ARY: Yes, food is certainly a “gateway” to learn about history, and a powerful one at that. Food is powerful because everyone eats and has a deeply personal connection to food. For many, food is a way of remembering and celebrating their ancestors. In my family, that means making my Grandma Jean’s date and nut cookies for Christmas Eve dinner, or making my Grandma Rosella’s German potato salad for tailgate parties. These are recipes saturated with memories and emotions and ones that profoundly shape my sense of family and my sense of self. So many people have recipes and traditions like these that they like to talk about and share with others, including me. Through these conversations about home cooking, I am able to navigate the conversation about food towards a discussion of food history. Often, this means introducing people to my research on historic street food culture and economy and the legacy of slavery and capitalism in shaping the foods we eat today. From there, we can talk about issues of race, ethnicity, gender, and other categories of historical analysis that people may or may not have critically thought about when sitting down for a meal. My hope is that people leave the conversation with a sense that food is not simply about family and traditions, but also about American politics, economy, and culture.

TSI: Well said! Okay, now for a few fun questions! Growing up, which museums (and museum exhibits) do you remember the most fondly?

ARY: I have really fond memories of the Carnegie Museum of Natural History in Pittsburgh. My Aunt Noreen would take us there a few times a month in the summer when I was a kid. I always loved the Dinosaur Hall and the Walton Hall of Ancient Egypt.

TSI: What has been your favorite museum experience, in your own career?

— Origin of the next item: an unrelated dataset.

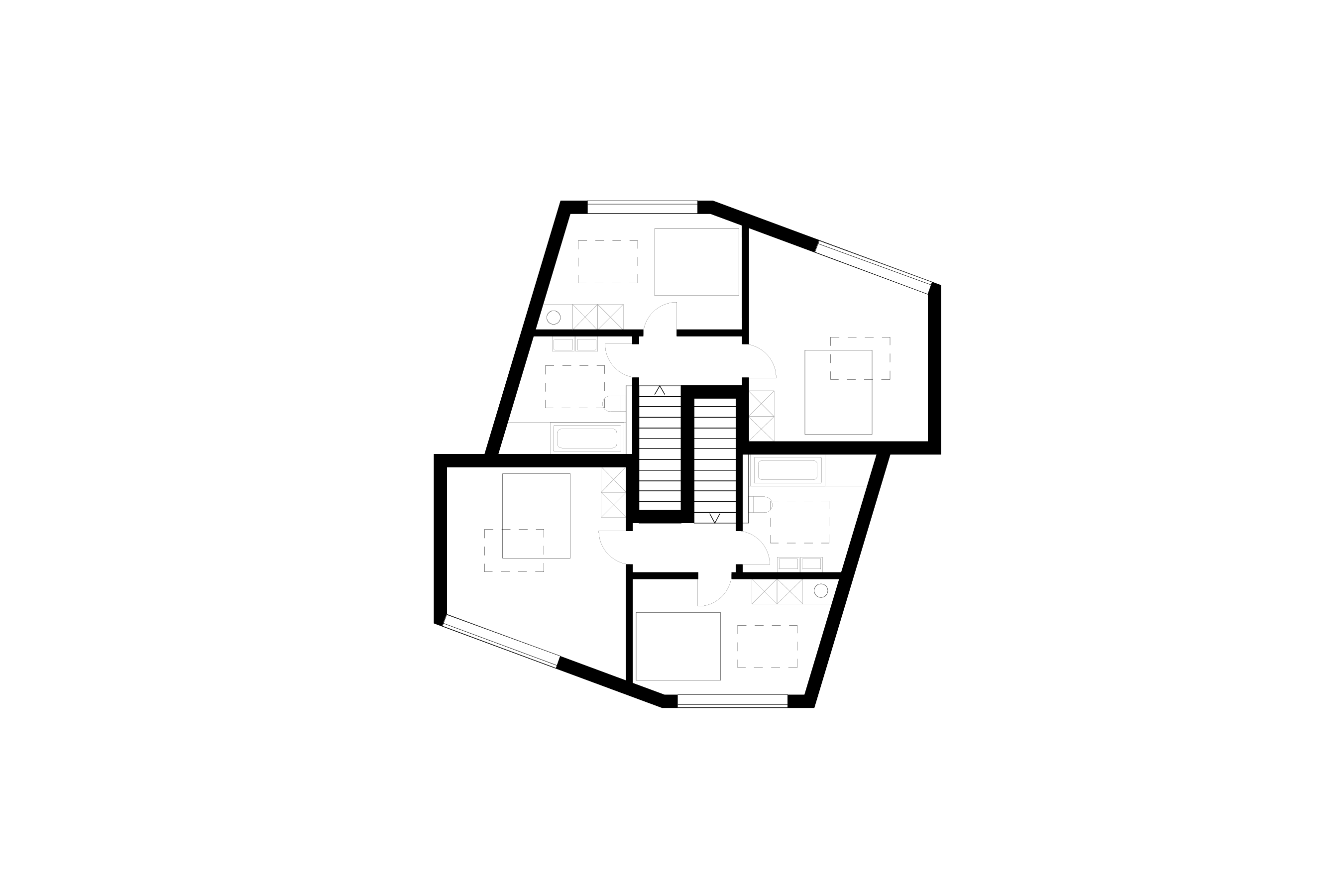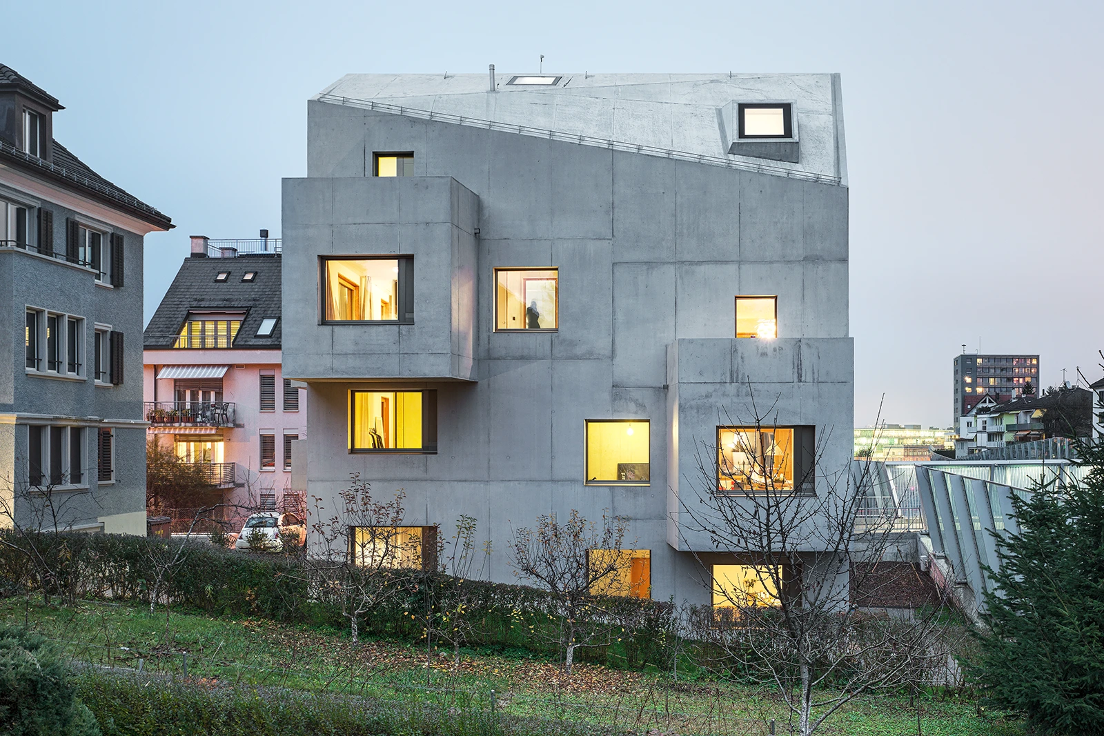 At the Zurich-Oerlikon railway bank, high-noise reduction requirements dictated the selection of a solid construction method for a new apartment building. The single-shell, exposed concrete structure houses four residential units articulated around a central core.

ARY: There were two exhibitions that completely swept me off my feet. The first was the Alexander McQueen: Savage Beauty exhibition (2011) at the Metropolitan Museum of Art in New York City, made all the more special through a series of mishaps that led to us skipping most of the line to get into the exhibition! There was a particularly mesmerizing gallery that was set up like a nineteenth-century “room of curiosities.” I remember walking up to a dress or fashion accessory thinking it was made out of fabric, only to realize that it was made out of thousands of razor clam shells or pheasant feathers.

The second exhibition, Paris 1900, was at the Petit Palais in Paris (2014) and illustrated what life was like at the time of the World’s Fair. I spent so much time in the exhibition, reading every single exhibit label, that my friends lost track of me and thought I had left! I loved everything about that exhibition from the detailed architectural plans for World’s Fair venues to Georges Clairin’s portrait of Sarah Bernhardt. I wish I could step back in time and walk through it again!

TSI: Those sound fascinating! Okay, finally, a question our audience has probably been wondering – what is your absolute favorite food?

ARY: I had a life-changing experience with the bread pudding soufflé at Commander’s Palace in New Orleans during my internship at the Southern Food & Beverage Museum. Since then, though, I’ve fallen for the small plates at Shaya, a modern Israeli restaurant also located in New Orleans.

TSI: Before we let you go, do you have a book, blog, project website, or anything else which you’d like us to tell our readers about? We’d love to help promote all that you do!

ARY: We host monthly cooking demonstrations at the National Museum of American History called “Cooking Up History.” For these programs, we invite a guest chef to come in and prepare, live on stage, two dishes that speak to an historical theme. If readers ever find themselves in D.C. when we’re about to put on one of these programs, please join us!

TSI: I hope all of our readers do! Thank you so much, Dr. Young! And thank you for all that you do for the museum field. Your expertise serves as such an inspiration to so many people!